• [What is being asked]:
From the first line to the last, print the material exactly, skipping the pictures.

[Available records — start]

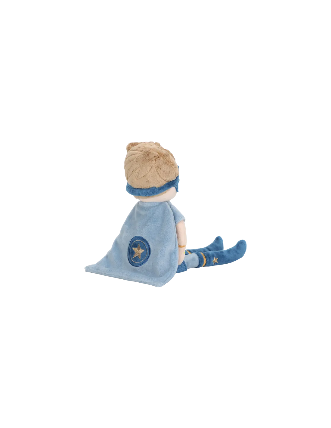 Uroczy superbohater w odważnej masce, z miękką peleryną i złotą gwiazdą na piersi inspiruje do tworzenia niezwykłych historii i zabawy w odgrywanie ról.
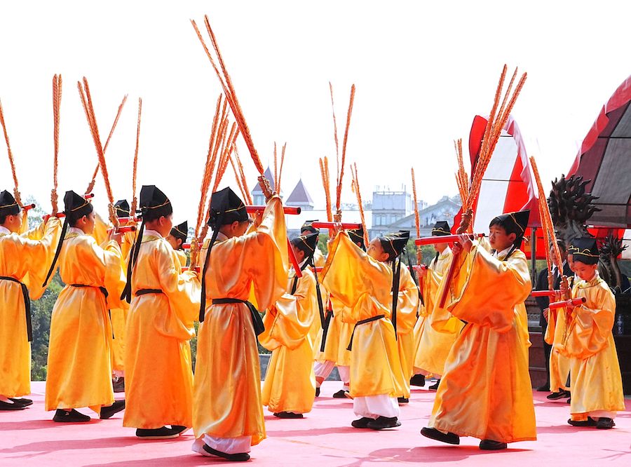 今日祭典中,由吳局長擔任初獻正獻官,亞獻正獻官由金陵山宗教園區總裁湯文萬擔任,終獻正獻官則由寶光崇正道場樞紐翁嵩慶擔任。典禮循古制展開,從「鼓三嚴」肅靜開場,象徵敬祖之心凝聚,隨後依序進行迎神、獻供、祭拜明明上帝與白陽三聖,以及最具核心意義的三獻禮,完整呈現祭祖儀程的層次與精神,典禮更邀集寶光崇正道場青年學子演出六佾舞,步伐整齊、樂聲悠揚,傳遞對祖師的崇敬之情,也象徵祭祖文化在世代間延續流傳。
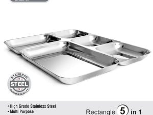 Be the first to review “Classic Steels Stainless Steel 5-in-1 Rectangular Bhojan Thali |(Set of 6) Heavy Gauge Mirror Finish| Dinner Plates with Compartments |Food Grade Meal Tray for Home|Restaurant & Canteen Use”
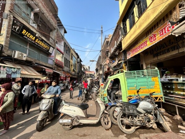 After sightseeing, we took an auto to Sadar Bazar, a lively local market near Agra Fort Station. The area was buzzing with people preparing for the New Year—cows wandering the streets, autos honking, cars squeezing through narrow lanes, and shoppers everywhere.
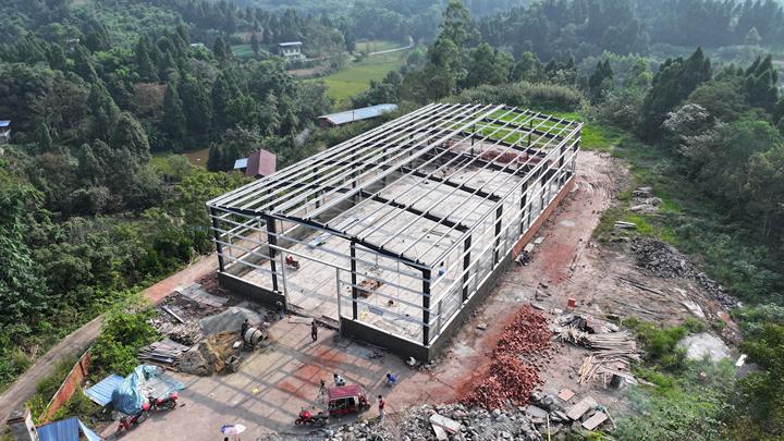 门坎镇大水湾村一座新建的竹制品加工厂正在紧张施工

[Available records — finish]

• [Expected output]:
 Uroczy superbohater w odważnej masce, z miękką peleryną i złotą gwiazdą na piersi inspiruje do tworzenia niezwykłych historii i zabawy w odgrywanie ról.
 今日祭典中,由吳局長擔任初獻正獻官,亞獻正獻官由金陵山宗教園區總裁湯文萬擔任,終獻正獻官則由寶光崇正道場樞紐翁嵩慶擔任。典禮循古制展開,從「鼓三嚴」肅靜開場,象徵敬祖之心凝聚,隨後依序進行迎神、獻供、祭拜明明上帝與白陽三聖,以及最具核心意義的三獻禮,完整呈現祭祖儀程的層次與精神,典禮更邀集寶光崇正道場青年學子演出六佾舞,步伐整齊、樂聲悠揚,傳遞對祖師的崇敬之情,也象徵祭祖文化在世代間延續流傳。
 Be the first to review “Classic Steels Stainless Steel 5-in-1 Rectangular Bhojan Thali |(Set of 6) Heavy Gauge Mirror Finish| Dinner Plates with Compartments |Food Grade Meal Tray for Home|Restaurant & Canteen Use”
 After sightseeing, we took an auto to Sadar Bazar, a lively local market near Agra Fort Station. The area was buzzing with people preparing for the New Year—cows wandering the streets, autos honking, cars squeezing through narrow lanes, and shoppers everywhere.
 门坎镇大水湾村一座新建的竹制品加工厂正在紧张施工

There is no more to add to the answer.